* [Problem to work on]: Pictures are not part of the answer. Return the lines from the one containing "Switch 18 porte." through the end of the data, both included, exactly as they appear.

Collected data entries

——————————

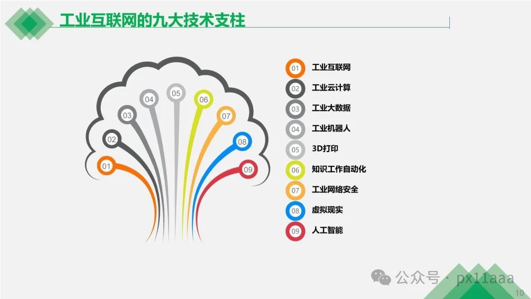 九大技术支柱包括工业云计算、大数据、工业机器人、3D打印、知识工作自动化、虚拟现实、人工智能和工业网络安全,这些技术为工业互联网的发展提供了坚实的基础。
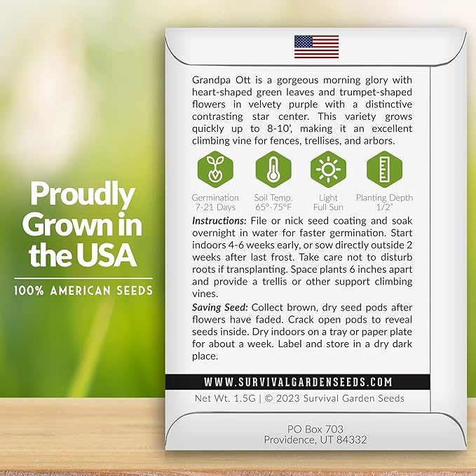 Survival Garden Seeds - Grandpa OTT Morning Glory Seed for Planting - 2 Packs with Instructions to Plant and Grow Ipomoea Purpurea in Your Home Vegetable Garden - Non-GMO Heirloom Variety
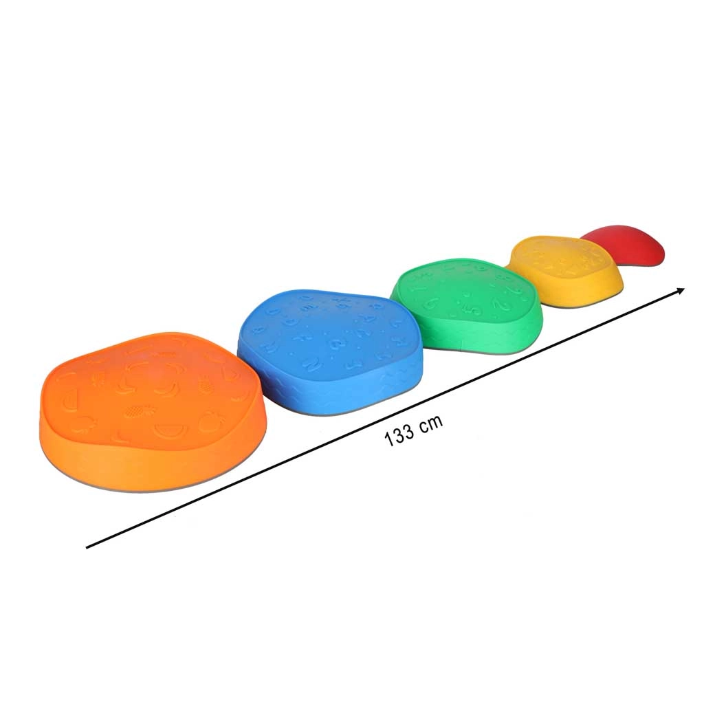 Masszív felépítésüknek és csúszásgátló talpaiknak köszönhetően a kövek különböző padlófelületeken is stabilak maradnak. A tartós poliuretán kellemes tapintású és könnyen tisztítható. A színes motívumok (számok, betűk, formák, gyümölcsök, minták) játékos tanulást és a finom- és nagymozgások fejlődését támogatják.
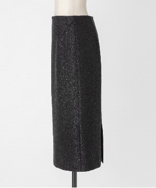ストレートシルエットのタイトスカート。すっきりとしたウエスト内側には滑り止め付きで着心地をサポート。欧州インポート素材。繊細なラメの輝きが魅力のファンシーツイード。トーンオントーンの生地と切り替える事でコントラストを効かせました。同素材ノーカラージャケットFGDVA15110とセットアップ着用可能。
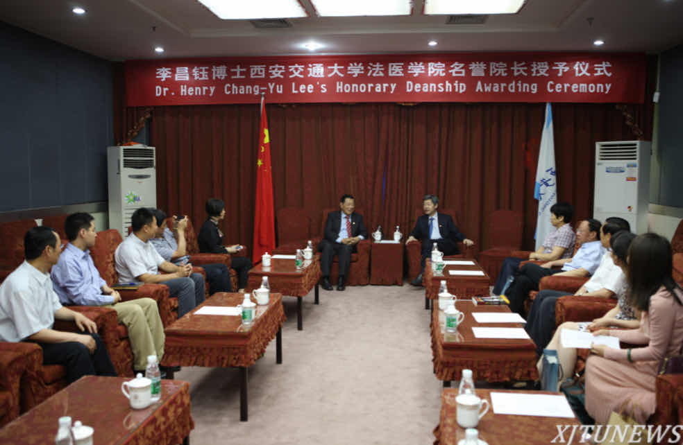 世界著名法科学、证据科学专家李昌钰博士于2014年6月7日访问西安交通大学,继续受聘法医学院名誉院长,并为师生带来精彩的学术讲座。张迈曾书记向李昌钰博士颁发了法医学院名誉院长续聘证书,并为其佩戴校徽。
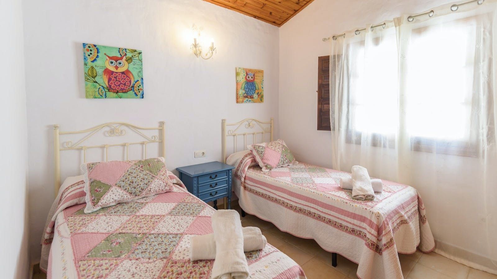 This charming home is perfect for a family getaway to the beautiful destination of Spain. Wooden furniture is sprinkled throughout, with wooden beams adorning the ceiling and walls. The blend of traditional style furniture and modern decor is the perfect combination for a cosy contemporary stay. The large windows in the living spaces provide an ample amount of daylight that allows you to snuggle up on the sofa as you read a book, accompanied by a delicious glass of red. Watch TV with your loved ones as the pool water twinkles through the window, offering you a wonderful sneak peek of the surrounding scenery.
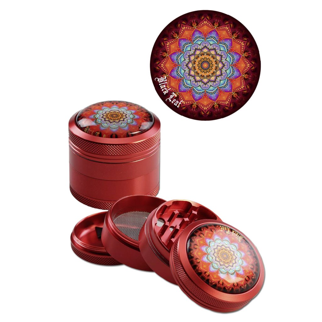 4-dílná drtička od Black Leaf® je vyrobena z eloxovaného leteckého hliníku. Ve víku je okouzlující motiv mandaly, který se skrz skleněnou kupoli projevuje velmi živě.
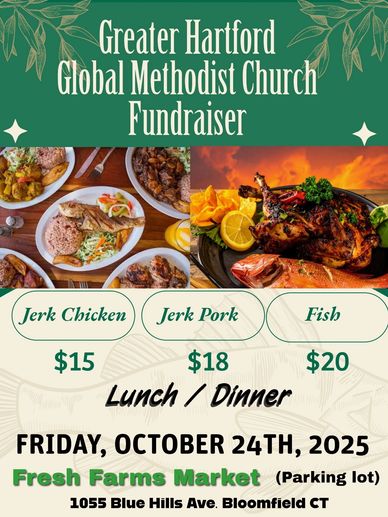 Greater Hartford Global Methodist Church, we believe in faith, fellowship, and good food that brings people together. On Friday, October 24th, 2025, we invite you to enjoy a mouthwatering meal of jerk chicken, jerk pork, or fish at Fresh Farms Market in Bloomfield, CT. Every plate you purchase not only fills your stomach but also supports the mission and ministries of our church as we continue serving Windsor, Hartford, and beyond.
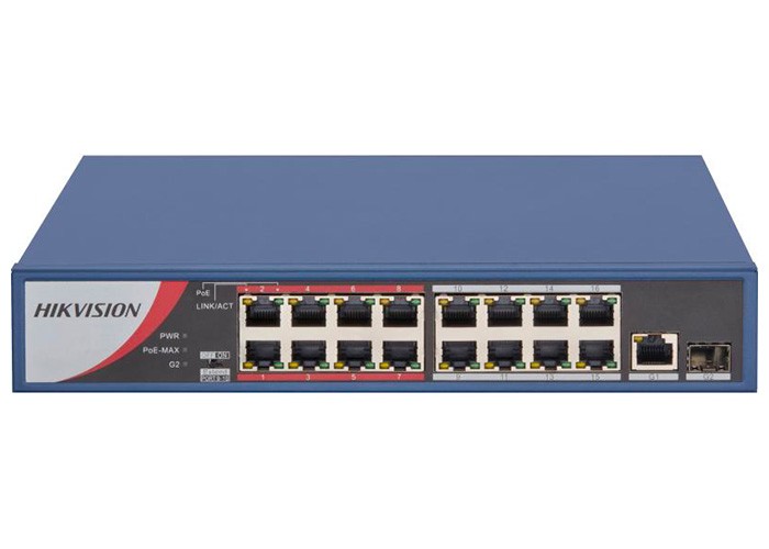 Switch 18 porte. Poe: 16: IEEE 802.3af, IEEE 802.3at. Tipologia: 10/100. Poe Budget Singola Porta: 30 W. PoE Budget Totale: 130 W. distanza Poe: Extended Mode 300 m (Porta 9:16). Uplink: 2. Tipologia Uplink: Gigabit, SFP, Tipo: L2 Unmanaged. Case: Metallico. Banda: 7.2 Gbps. Funzionalità: 6 kV Surge Protection, Temperatura di funzionamento: -10 °C ~ +55 °C. Alimentazione: 100-240 Vca, 2.5 A
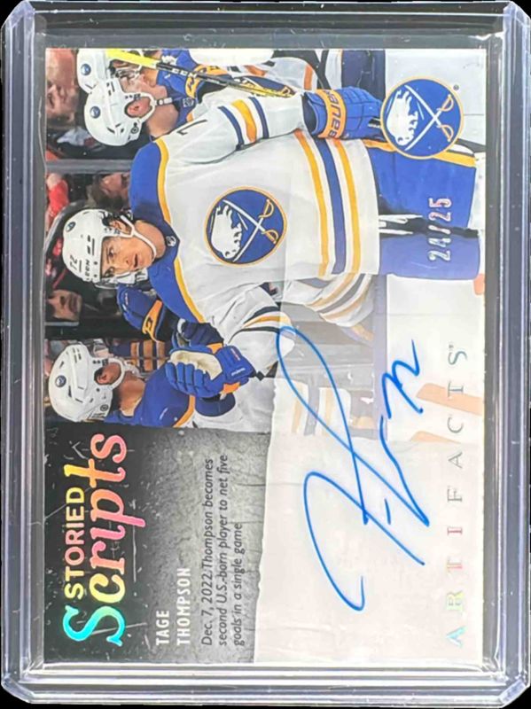 The Tage Thompson 2023 Upper Deck Artifacts #SS-TH Storied Scripts /25 card is 1 of 41 Tage Thompson's card variations in the 2023 Upper Deck Artifacts set being tracked by Sports Card Investor, including Base /999, Leather, Plexi, Turquoise, and Wood.

——————————

* [Exercise response]:
 Switch 18 porte. Poe: 16: IEEE 802.3af, IEEE 802.3at. Tipologia: 10/100. Poe Budget Singola Porta: 30 W. PoE Budget Totale: 130 W. distanza Poe: Extended Mode 300 m (Porta 9:16). Uplink: 2. Tipologia Uplink: Gigabit, SFP, Tipo: L2 Unmanaged. Case: Metallico. Banda: 7.2 Gbps. Funzionalità: 6 kV Surge Protection, Temperatura di funzionamento: -10 °C ~ +55 °C. Alimentazione: 100-240 Vca, 2.5 A
 The Tage Thompson 2023 Upper Deck Artifacts #SS-TH Storied Scripts /25 card is 1 of 41 Tage Thompson's card variations in the 2023 Upper Deck Artifacts set being tracked by Sports Card Investor, including Base /999, Leather, Plexi, Turquoise, and Wood.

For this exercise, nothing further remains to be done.